Wären Sie besser mal BR-Sportchef geblieben. Da hatten Sie immerhin Einfluss...

Das habe ich dem Delling auch gesagt, als er beim NDR als Sportchef aufgehört hat. Ich sagte, die werden dich tunneln, bis dir schwindelig wird. Ich weiß, wovon ich rede. Wenn du nicht mehr im Gremium sitzt, müssen sie dir nicht mehr in die Augen schauen. Ich habe als Sportchef allerdings aufgehört, weil beides - Moderieren und die Redaktion führen - für mich nicht mehr ging. Das Formale frisst dich einfach auf. Da hatte ich abends um 18 Uhr noch nicht mal den "kicker" vom Tag gelesen. Nach der Entscheidung war ich befreit, auch wenn mir klar war: Wenn du nicht mehr am Tisch der Mächtigen sitzt, musst du das nehmen, was vom Tisch fällt. 2004 hatte ich beispielsweise Rudi Völlers Rücktritt exklusiv vermeldet - und zwei Monate später war ich suspendiert. Das geht bei der ARD schnell.

Was war passiert?

Für die Exklusiv-Geschichte gab es großes Lob von allen Seiten und wenig später nehmen sie mir bei der "Sportschau" meinen Topspiel-Aufsager weg, mit der Begründung, das würde einen Live-Charakter vermitteln, obwohl es sich ja um eine Aufzeichnung handelt. Dabei jubeln die Kommentatoren doch auch heute noch so, als würde das Tor gerade in diesem Moment fallen. Alles Quatsch. Inhaltlich war das nicht zu begründen - also war es persönlich.

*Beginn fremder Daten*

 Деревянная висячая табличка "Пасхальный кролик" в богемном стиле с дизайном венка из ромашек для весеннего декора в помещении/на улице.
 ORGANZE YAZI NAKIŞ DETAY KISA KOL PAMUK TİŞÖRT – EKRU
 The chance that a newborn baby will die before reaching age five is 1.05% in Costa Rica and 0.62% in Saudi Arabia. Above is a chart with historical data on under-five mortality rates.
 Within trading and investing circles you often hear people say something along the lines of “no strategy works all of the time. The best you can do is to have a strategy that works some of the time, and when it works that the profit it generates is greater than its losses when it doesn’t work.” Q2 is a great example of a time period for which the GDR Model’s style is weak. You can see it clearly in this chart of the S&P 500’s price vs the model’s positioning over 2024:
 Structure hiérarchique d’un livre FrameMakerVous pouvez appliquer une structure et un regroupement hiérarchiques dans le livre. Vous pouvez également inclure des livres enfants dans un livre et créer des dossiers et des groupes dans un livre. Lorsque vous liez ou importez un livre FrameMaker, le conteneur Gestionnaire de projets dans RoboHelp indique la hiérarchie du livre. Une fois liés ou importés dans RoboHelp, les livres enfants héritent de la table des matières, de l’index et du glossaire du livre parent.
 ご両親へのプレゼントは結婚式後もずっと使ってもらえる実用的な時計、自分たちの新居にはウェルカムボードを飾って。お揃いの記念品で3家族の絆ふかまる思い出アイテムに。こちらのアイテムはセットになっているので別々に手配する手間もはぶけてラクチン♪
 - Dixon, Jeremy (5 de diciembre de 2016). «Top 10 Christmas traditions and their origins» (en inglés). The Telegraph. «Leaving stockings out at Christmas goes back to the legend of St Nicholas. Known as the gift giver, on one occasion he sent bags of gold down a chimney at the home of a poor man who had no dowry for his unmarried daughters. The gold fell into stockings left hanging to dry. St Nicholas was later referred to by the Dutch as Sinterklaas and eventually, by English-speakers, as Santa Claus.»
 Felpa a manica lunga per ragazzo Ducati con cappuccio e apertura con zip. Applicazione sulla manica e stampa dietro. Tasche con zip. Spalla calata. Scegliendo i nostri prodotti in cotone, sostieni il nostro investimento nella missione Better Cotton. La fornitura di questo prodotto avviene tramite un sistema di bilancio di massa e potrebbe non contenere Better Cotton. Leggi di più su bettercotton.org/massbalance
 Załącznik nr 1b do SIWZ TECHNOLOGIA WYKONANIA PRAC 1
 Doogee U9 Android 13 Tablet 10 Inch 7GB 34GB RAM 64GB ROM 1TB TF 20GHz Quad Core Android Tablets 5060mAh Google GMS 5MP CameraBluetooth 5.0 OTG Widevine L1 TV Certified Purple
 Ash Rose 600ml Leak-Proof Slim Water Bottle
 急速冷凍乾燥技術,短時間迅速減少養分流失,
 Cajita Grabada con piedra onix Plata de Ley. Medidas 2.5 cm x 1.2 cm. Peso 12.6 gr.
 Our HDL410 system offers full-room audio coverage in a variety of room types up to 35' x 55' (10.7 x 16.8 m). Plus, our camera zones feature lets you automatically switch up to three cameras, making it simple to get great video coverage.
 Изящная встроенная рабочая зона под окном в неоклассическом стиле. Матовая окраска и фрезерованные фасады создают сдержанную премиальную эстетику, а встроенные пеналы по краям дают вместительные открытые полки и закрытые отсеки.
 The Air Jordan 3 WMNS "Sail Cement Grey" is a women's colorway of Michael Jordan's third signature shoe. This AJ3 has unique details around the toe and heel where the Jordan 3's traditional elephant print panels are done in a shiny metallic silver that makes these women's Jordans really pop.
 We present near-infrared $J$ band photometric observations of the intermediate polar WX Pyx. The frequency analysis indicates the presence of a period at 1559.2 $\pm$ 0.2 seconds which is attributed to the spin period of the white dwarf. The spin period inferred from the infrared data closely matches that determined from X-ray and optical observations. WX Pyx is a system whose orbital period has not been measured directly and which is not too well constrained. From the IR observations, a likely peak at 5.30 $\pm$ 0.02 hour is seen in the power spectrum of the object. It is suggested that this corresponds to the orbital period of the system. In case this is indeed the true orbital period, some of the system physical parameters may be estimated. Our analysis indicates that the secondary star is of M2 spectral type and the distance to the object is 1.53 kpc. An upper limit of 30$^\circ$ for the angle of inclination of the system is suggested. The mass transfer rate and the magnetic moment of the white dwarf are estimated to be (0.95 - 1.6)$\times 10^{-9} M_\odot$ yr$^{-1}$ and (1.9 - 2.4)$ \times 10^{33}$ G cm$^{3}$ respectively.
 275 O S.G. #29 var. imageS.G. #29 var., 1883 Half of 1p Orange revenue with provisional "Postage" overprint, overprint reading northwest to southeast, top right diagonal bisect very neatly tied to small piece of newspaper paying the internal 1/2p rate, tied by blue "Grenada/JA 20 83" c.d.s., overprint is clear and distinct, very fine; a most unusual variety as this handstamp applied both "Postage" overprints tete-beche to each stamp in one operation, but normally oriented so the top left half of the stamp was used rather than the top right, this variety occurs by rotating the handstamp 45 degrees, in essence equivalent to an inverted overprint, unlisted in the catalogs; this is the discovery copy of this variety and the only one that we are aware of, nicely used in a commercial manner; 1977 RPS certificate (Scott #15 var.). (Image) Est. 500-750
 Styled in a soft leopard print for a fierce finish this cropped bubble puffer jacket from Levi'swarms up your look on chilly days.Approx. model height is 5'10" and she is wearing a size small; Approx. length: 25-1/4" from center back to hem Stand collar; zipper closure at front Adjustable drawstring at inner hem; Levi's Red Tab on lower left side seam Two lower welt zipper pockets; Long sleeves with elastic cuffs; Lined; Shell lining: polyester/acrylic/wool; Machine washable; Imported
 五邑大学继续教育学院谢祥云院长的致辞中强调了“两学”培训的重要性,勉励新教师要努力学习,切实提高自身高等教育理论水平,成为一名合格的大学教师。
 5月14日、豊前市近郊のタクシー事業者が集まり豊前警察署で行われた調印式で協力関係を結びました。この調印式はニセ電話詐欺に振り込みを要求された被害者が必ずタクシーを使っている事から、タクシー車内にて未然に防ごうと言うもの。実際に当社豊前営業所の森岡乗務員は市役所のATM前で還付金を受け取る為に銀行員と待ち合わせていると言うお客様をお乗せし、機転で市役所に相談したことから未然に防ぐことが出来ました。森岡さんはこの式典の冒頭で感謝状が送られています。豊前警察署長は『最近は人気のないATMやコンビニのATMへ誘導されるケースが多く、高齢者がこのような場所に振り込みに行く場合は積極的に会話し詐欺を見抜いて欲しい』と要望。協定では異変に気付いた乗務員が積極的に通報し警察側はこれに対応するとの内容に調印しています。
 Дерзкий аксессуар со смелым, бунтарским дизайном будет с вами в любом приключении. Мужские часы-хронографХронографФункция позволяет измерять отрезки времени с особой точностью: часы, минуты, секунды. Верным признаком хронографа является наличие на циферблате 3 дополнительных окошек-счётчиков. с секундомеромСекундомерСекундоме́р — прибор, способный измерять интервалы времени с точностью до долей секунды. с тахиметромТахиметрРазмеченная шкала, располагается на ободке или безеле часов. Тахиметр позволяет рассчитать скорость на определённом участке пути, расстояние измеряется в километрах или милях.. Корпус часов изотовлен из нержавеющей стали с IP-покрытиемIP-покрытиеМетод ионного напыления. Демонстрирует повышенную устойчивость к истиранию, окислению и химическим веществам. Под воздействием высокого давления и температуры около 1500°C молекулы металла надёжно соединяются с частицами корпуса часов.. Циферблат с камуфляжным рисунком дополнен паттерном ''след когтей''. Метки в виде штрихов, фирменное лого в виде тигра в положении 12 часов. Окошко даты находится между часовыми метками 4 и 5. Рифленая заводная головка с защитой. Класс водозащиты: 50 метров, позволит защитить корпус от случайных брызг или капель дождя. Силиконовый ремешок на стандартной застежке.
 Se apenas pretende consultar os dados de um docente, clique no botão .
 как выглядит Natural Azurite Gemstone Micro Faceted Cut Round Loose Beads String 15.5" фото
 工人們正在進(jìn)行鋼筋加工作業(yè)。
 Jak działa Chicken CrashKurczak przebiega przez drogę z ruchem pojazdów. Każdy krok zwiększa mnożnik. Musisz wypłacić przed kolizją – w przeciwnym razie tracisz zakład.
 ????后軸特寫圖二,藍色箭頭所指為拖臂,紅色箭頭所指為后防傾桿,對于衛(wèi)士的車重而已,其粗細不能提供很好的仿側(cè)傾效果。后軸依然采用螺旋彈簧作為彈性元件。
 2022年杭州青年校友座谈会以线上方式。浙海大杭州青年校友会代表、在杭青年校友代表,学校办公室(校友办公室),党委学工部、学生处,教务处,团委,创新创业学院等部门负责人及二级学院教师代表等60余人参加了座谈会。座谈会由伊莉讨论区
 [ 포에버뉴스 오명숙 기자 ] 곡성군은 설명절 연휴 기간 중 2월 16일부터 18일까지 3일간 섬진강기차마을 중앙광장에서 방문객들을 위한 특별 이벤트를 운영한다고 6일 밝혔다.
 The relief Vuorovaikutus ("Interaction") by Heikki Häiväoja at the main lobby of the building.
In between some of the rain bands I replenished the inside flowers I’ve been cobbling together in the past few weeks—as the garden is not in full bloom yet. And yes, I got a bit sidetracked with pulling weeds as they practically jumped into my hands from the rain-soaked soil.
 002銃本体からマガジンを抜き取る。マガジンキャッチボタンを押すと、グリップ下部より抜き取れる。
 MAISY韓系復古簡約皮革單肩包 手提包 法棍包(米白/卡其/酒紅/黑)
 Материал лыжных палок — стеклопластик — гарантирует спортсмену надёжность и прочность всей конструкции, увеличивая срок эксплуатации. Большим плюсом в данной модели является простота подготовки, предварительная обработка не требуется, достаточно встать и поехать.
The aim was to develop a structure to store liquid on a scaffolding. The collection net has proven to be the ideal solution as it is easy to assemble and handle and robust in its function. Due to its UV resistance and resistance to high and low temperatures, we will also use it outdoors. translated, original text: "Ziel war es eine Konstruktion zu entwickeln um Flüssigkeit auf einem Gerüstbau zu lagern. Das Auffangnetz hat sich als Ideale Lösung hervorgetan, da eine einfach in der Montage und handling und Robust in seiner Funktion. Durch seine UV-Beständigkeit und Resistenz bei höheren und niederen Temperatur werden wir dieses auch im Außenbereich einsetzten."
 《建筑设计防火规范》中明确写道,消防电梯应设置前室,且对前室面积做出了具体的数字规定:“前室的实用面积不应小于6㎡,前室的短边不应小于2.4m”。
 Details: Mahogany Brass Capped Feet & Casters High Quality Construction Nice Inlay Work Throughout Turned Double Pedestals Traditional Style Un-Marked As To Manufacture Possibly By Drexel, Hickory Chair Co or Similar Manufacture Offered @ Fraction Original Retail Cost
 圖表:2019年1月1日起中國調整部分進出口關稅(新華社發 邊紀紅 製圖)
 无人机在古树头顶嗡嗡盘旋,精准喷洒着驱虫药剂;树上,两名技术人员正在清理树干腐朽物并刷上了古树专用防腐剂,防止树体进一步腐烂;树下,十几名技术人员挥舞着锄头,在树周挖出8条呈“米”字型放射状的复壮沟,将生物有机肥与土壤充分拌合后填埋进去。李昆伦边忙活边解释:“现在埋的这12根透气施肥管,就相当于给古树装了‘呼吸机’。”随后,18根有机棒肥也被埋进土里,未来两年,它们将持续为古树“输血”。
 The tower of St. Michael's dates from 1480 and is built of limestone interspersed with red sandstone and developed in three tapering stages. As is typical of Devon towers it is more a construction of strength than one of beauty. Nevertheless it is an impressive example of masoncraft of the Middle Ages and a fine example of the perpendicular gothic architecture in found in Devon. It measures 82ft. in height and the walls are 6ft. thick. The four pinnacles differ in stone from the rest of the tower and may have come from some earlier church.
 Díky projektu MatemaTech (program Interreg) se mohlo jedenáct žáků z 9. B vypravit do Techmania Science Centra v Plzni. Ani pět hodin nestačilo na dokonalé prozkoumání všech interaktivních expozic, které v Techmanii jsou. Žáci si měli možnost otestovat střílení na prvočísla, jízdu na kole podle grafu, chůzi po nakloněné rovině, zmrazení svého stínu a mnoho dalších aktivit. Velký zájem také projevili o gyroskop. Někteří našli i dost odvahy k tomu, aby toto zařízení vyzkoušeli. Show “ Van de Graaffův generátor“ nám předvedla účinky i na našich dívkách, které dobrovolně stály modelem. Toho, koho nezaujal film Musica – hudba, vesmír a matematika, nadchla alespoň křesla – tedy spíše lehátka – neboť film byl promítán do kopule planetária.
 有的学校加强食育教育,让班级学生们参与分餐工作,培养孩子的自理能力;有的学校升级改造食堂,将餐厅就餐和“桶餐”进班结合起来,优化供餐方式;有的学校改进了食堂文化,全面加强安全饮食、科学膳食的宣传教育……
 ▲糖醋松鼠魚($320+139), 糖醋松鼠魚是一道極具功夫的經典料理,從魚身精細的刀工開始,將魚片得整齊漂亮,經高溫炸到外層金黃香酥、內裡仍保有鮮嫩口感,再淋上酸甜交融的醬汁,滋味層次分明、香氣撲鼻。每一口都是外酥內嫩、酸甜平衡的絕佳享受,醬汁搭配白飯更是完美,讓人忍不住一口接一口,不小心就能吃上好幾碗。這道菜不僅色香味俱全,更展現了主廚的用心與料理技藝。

Woran hatte sich der der damalige Sportkoordinator Hagen Boßdorf Ihrer Meinung nach gestört?

An der Völler-Geschichte. Eine Woche nachdem ich meinen Paulaner-Vertrag bekommen hatte, sagte er mir beim Essen: "Du hattest die Krone des Journalismus auf dem Kopf und hast sie auf den Markt getragen." Das werde ich nie vergessen. Daraufhin habe ich gesagt: "Es geht hier um eine Summe, über die du dir in deinem Leben vermutlich nie Gedanken wirst machen müssen." Da war mir die Krone egal. Auch daraus resultierten wieder Neid und Missgunst. Und nachdem dann auch noch der Strom beim Saison-Auftakt der Bundesliga ausfiel und sich die ARD mit alten Schlager-Videos behelfen musste, wurde ich suspendiert.

Damit hatten Sie aber nichts zu tun, oder?

(lacht) Nein, den Stecker habe ich nicht gezogen! Struve kam gerade aus dem Urlaub und tobte am Telefon, weil die Presse nach dem Stromausfall und der Kürzung meiner "Sportschau"-Zeit über "Chaos-Tage in der ARD" schrieb und ich in allen Zeitungen vertreten war. Struve suspendierte mich daraufhin für sechs Wochen, war aber auf meiner Seite, weil wir schon über mein Comeback sprachen, das Boßdorf natürlich ganz und gar nicht schmeckte.

Haben Sie sich seither nochmal gesehen?

Günter Struve habe ich vor drei Jahren getroffen, als er meinte, "Riverboat" moderieren zu müssen. Das hätte er besser gelassen. Nach der Sendung saßen wir noch zusammen an der Bar, was er erst gar nicht wollte. Nachdem ich ihn doch noch überreden konnte, fragte ich ihn: "Doktor, wir sind eigentlich zwei unterschiedliche Typen. Aber wenn's eng wurde, haben Sie immer die Hand über mich gehalten. Nur: Warum?" Dann sah er mich an und sagte: "Das ist eigentlich gar nicht so spannend: Glatte hatten wir genug."

Herr Hartmann, herzlichen Dank für das Gespräch.